Fixes: e366f92ea99e ("KVM: SEV: Support SEV-SNP AP Creation NAE event")
Signed-off-by: Tom Lendacky <thomas.lendacky@amd.com>
Link: https://lore.kernel.org/r/fe2c885bf35643dd224e91294edb6777d5df23a4.1743097196.git.thomas.lendacky@amd.com
[sean: add a comment explaining the use of smp_send_reschedule()]
Co-developed-by: Sean Christopherson <seanjc@google.com>
Signed-off-by: Sean Christopherson <seanjc@google.com>
---
 arch/x86/include/asm/kvm_host.h |  3 ++-
 arch/x86/kvm/svm/sev.c          |  6 ++----
 include/linux/kvm_host.h        | 19 ++++++++++++++++++-
 virt/kvm/kvm_main.c             | 19 +++++++++++++++----
 4 files changed, 37 insertions(+), 10 deletions(-)

diff --git a/arch/x86/include/asm/kvm_host.h b/arch/x86/include/asm/kvm_host.h
index 6c06f3d6e0811..c5e80131626d0 100644
--- a/arch/x86/include/asm/kvm_host.h
+++ b/arch/x86/include/asm/kvm_host.h
@@ -125,7 +125,8 @@
 	KVM_ARCH_REQ_FLAGS(31, KVM_REQUEST_WAIT | KVM_REQUEST_NO_WAKEUP)

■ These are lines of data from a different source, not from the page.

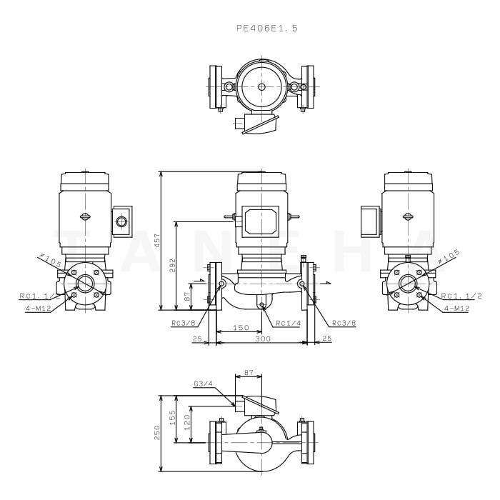 川本ポンプ 渦巻ポンプ PE(2) 形 Pラインポンプ ■PE406E1.5 60Hz 【用途】 冷温水循環用 一般工業用 機械セット用 【特長】 全閉モータ採用のため、ベアリング劣化や絶縁劣化に強く、優れた耐環境性。 不凍液対応のメカニカルシールにより、濡れに強く長寿命。 錆付きがなく、メンテナンスが容易。 【標準仕様】 揚液 液質 清水[pH5.8~8.6 固形物・濃度: 50mg/L以下、固形物・径: 0.3mm以下]、不凍液 液温 0~90℃(凍結なきこと) 材料 インペラ SCS13 主軸 SUS304(接液部) ケーシング FC モータ 種類 全閉外扇屋外形 電源 単相100V 三相200V・400V 同期回転速度 50Hz:3,000min-1 60Hz:3,600min-1 効率 0.75kW以上はプレミアム効率(IE3)※ 設置場所 屋内・屋外(周囲温度/湿度、0~40℃/90%RH以下) 構造 インペラ クローズ 軸封 メカニカルシール(SiC X カーボン) 軸受 密封玉軸受 相フランジ形状 専用フランジ(口径25mm以下)JIS10Kうす形(口径32mm以上) 塗装色(マンセルNo.) グレー(2.5PB5.1/0.8) ※60Hzの5.5kW品は高効率 KAWAMOTO PUMP 塵あい 結露 静穏設計 低騒音 メカ鳴き防止 ハイグレード塗装 ステンレスCentrifugal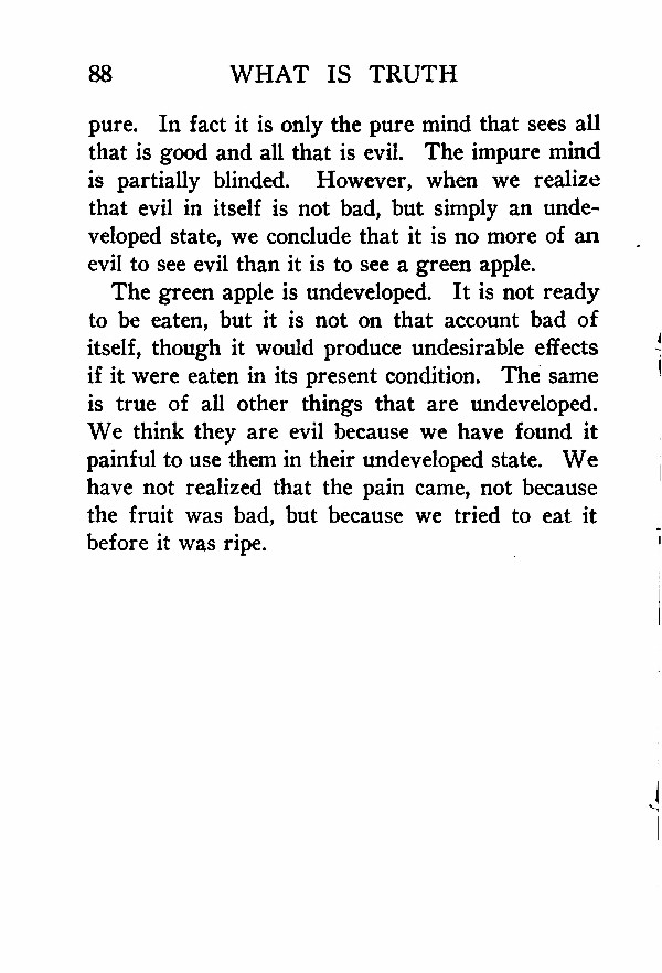 The green apple is undeveloped. It is not ready to be eaten, but it is not on that account bad of itself, though it would produce undesirable effects if it were eaten in its present condition. The same is true of all other things that are undeveloped. We think they are evil because we have found it painful to use them in their undeveloped state. We have not realized that the pain came, not because the fruit was bad, but because we tried to eat it before it was ripe.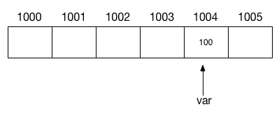 1. 声明变量:C语言声明一个变量时,编译器在内存中留出一个唯一的地址单元来存储变量,如下图,变量var初始化为100,编译器将地址为1004的内存单元留给变量,并将地址1004和该变量的名称关联起来。![]()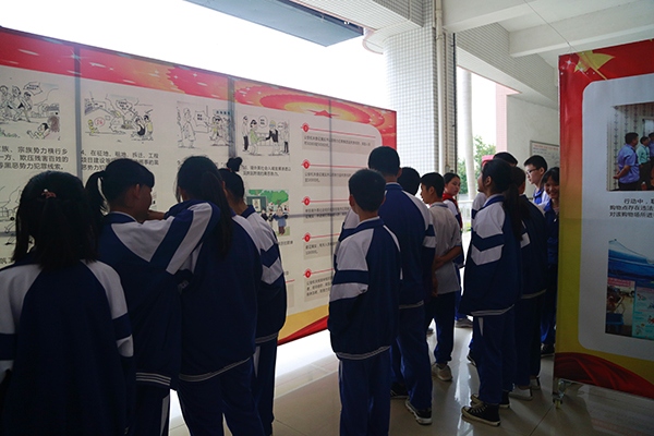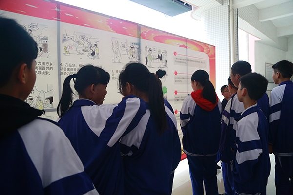 為繼續(xù)深入推進(jìn)“掃黑除惡”專項(xiàng)斗爭, 12月26日,三鄉(xiāng)鎮(zhèn)博愛中學(xué)在學(xué)校大堂設(shè)置了“掃黑除惡”宣傳展板,該展板位置、設(shè)計(jì)、尺寸顯眼,方便全校師生們更加全面、更加深入地了解非法黑惡勢力。展板的內(nèi)容從“黑”“惡”的定義、范圍開始介紹,再到掃黑除惡的意義、途徑,圖文結(jié)合,清晰明了。學(xué)生們利用課余時(shí)間對展板進(jìn)行認(rèn)真觀看,確保每名學(xué)生都能培養(yǎng)掃黑除惡意識,熟知掃黑除惡的途徑。

 #define KVM_REQ_HV_TLB_FLUSH \
 	KVM_ARCH_REQ_FLAGS(32, KVM_REQUEST_WAIT | KVM_REQUEST_NO_WAKEUP)
-#define KVM_REQ_UPDATE_PROTECTED_GUEST_STATE	KVM_ARCH_REQ(34)
+#define KVM_REQ_UPDATE_PROTECTED_GUEST_STATE \
+	KVM_ARCH_REQ_FLAGS(34, KVM_REQUEST_WAIT)
 
 #define CR0_RESERVED_BITS                                               \
 	(~(unsigned long)(X86_CR0_PE | X86_CR0_MP | X86_CR0_EM | X86_CR0_TS \
diff --git a/arch/x86/kvm/svm/sev.c b/arch/x86/kvm/svm/sev.c
index 0bc708ee27887..7d11e82e4fa41 100644
--- a/arch/x86/kvm/svm/sev.c
+++ b/arch/x86/kvm/svm/sev.c
@@ -3988,10 +3988,8 @@ static int sev_snp_ap_creation(struct vcpu_svm *svm)
 	 * Unless Creation is deferred until INIT, signal the vCPU to update
 	 * its state.
 	 */
-	if (request != SVM_VMGEXIT_AP_CREATE_ON_INIT) {
-		kvm_make_request(KVM_REQ_UPDATE_PROTECTED_GUEST_STATE, target_vcpu);
-		kvm_vcpu_kick(target_vcpu);
-	}
+	if (request != SVM_VMGEXIT_AP_CREATE_ON_INIT)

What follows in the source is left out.